Wednesday, 12 March 2008

The Integrity of Financial Services Professionals in Canada, the UK and the USA

The results of the mini survey are in and evidently readers of this blog don't think highly (we Canadians are prone to under-statement!) of the integrity of financial services professionals in Canada. With 28% giving a fat zero out of five, more than the total of 27% who gave 3 or better, it would seem that the industry has a lot of improvement to make. Mind you, folk who DIY their finances may be somewhat more antagonistic to the industry than most people.

I had promised to show the results of surveys done of the financial services industry rating itself, so here goes. The source of the surveys is the CFA Institute, which manages and awards the Chartered Financial Analyst designation and whose About US includes this statement: "We promote the highest ethical standards..." What is interesting and useful is that the CFA Institute conducted the same survey in the three countries of Canada, the UK and the USA giving real comparative data. The complete surveys, all dated May 2007, are available for download in their Publications page.

What do the surveys say? You will likely not be surprised to learn that these folks rating their own industry think they are doing ok - on a scale of 1 (lowest) to 5, the ratings for all three countries are generally in the 3-4 range. But there are some amusingly revealing quotes ... from the US survey "... sell-side analysts themselves thought more of their ethical behavior than did survey respondents who were not sell-side analysts." Perhaps also not so surprising, hedge funds and private equity everywhere do a lot less well than the industry as a whole - from the UK survey, "Mirroring the concerns of other markets, individuals show the least confidence in ethical integrity of hedge fund and private equity practitioners." Their rating is everywhere in the 2s - below the adequate level. And remember, this is from people who are less likely to slam them.

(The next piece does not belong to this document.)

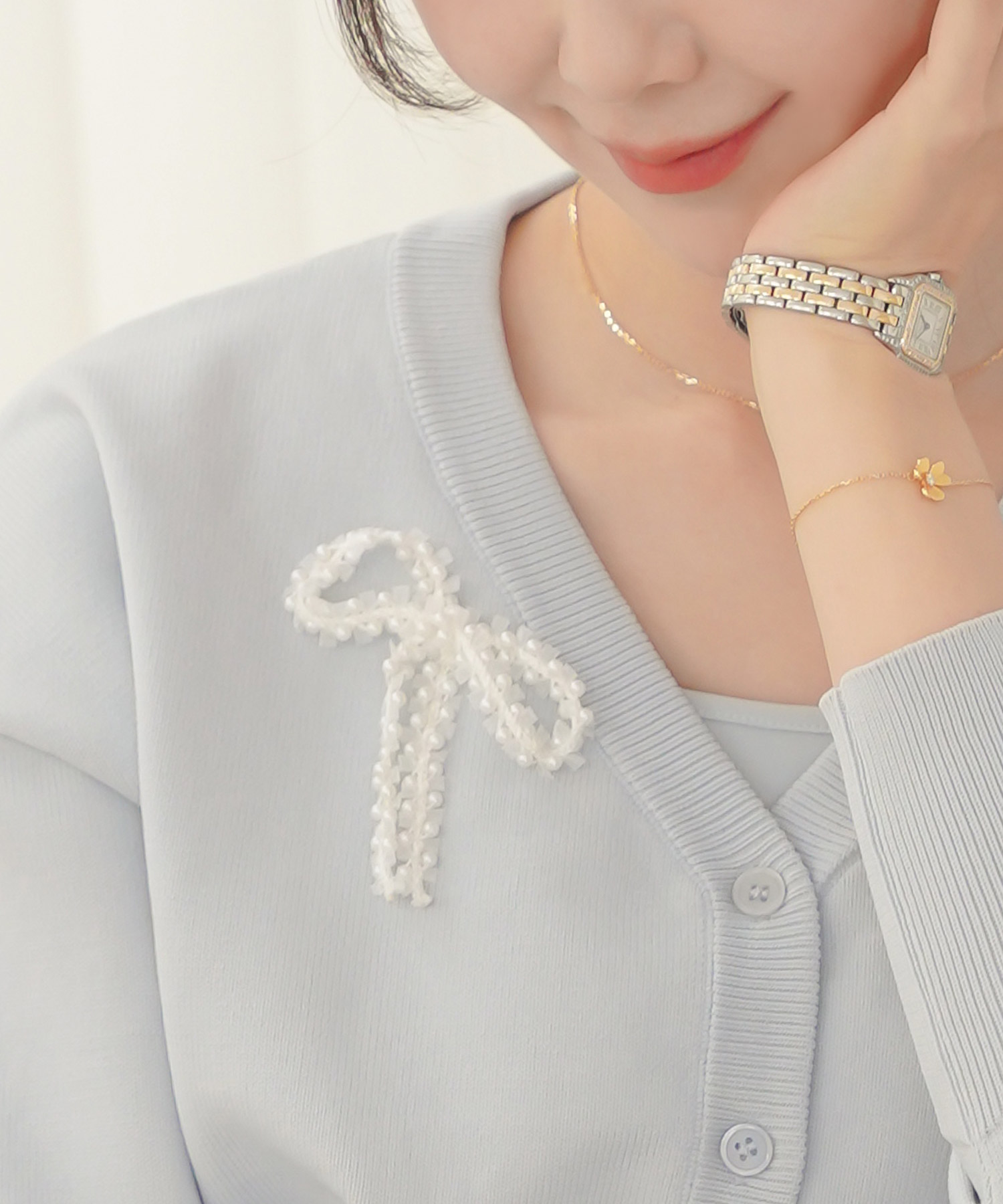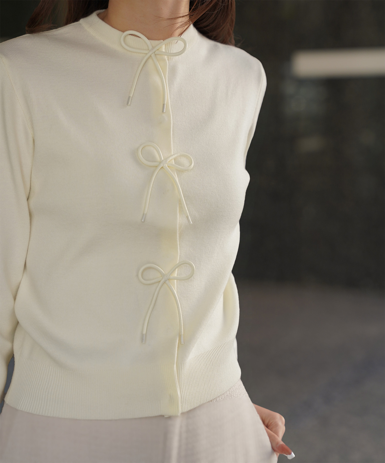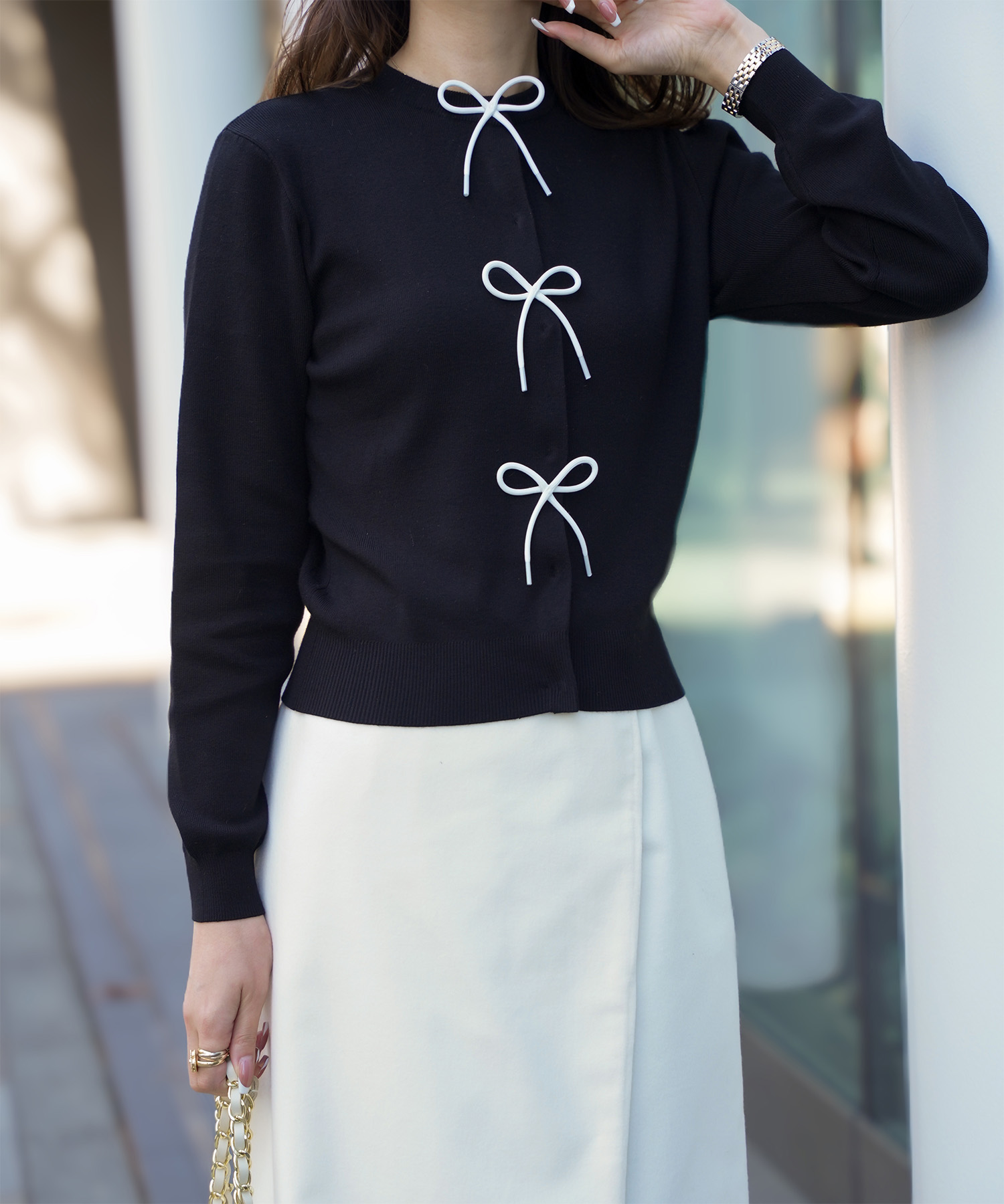 華奢なリボンが彩る、シンプル&上品なニットカーディガン

In both Canada and the USA, people working inside the country thought less well of their ethics than those outside. Is this modesty? Or do outsiders not see the dirt? In the UK, it's the opposite - insiders think better of themselves than outsiders. Maybe they are right since the UK scores better across every sub-category of the survey, whether its themselves or outsiders doing the rating. The UK gets the silver medal (no one gets above 4 so no one deserves gold)! Canada gets bronze by a hair and the USA is out of the medals. The USA is let down by its people ratings - those hedge fund managers, corporate boards and corporate executives.

Choice quotes from the surveys:
Overall, compensation is prime motive for money managers as opposed to client interest. Some managers are more ethical than others.” — Sell-Side Analyst (Canada)

Hedge funds and private equity are so different—your question cannot be answered.” — Plan Sponsor (Canada)

Fiduciary duty is required. Fee disclosure needs to be mandatory. Education gap in financial planning’ sector needs to be addressed.” — Investment Consultant (Canada)

It seems like that in most firms, ethics are not a focus. This is especially true when ethics are at odds with firm profits.” — Investment Consultant (USA)

I believe most market participants have high ethical qualities, but some aspects of, and participants in, the industry do not always work in their clients’ best interest.” — Financial Advisor/Wealth Manager (under "Positive Comments" in the US survey)

Ethics, like charity, begins at home. The CFA has a fine looking Code of Ethics and Standards of Conduct, which includes sanctions for violations up to the loss of the CFA designation. I wonder how many disciplinary actions have been imposed lately.


Anonymous said...

I think the idea of a financial advisor being a "professional" like a doctor etc is a complete and utter joke.

There is nothing wrong with selling on commission but call a spade a spade so that investors know what's going on.

CanadianInvestor said...

FourP, You are right, there's nothing ethically wrong per se with selling. The problem is outright lies, or more subtly, failure to properly inform people about negatives. A good doctor always tells you if the operation might kill you and what the chances are that will happen. So should ethical salespeople.

In my opinion, there should be a place in the financial services industry for advisors who are both knowledgeable and unbiased in the way a doctor is. Just as you are not questioning whether the advice to have an operation is because the doctor makes more money if you do, so should you not ask the same question about buying life insurance, an annuity, or an investment fund.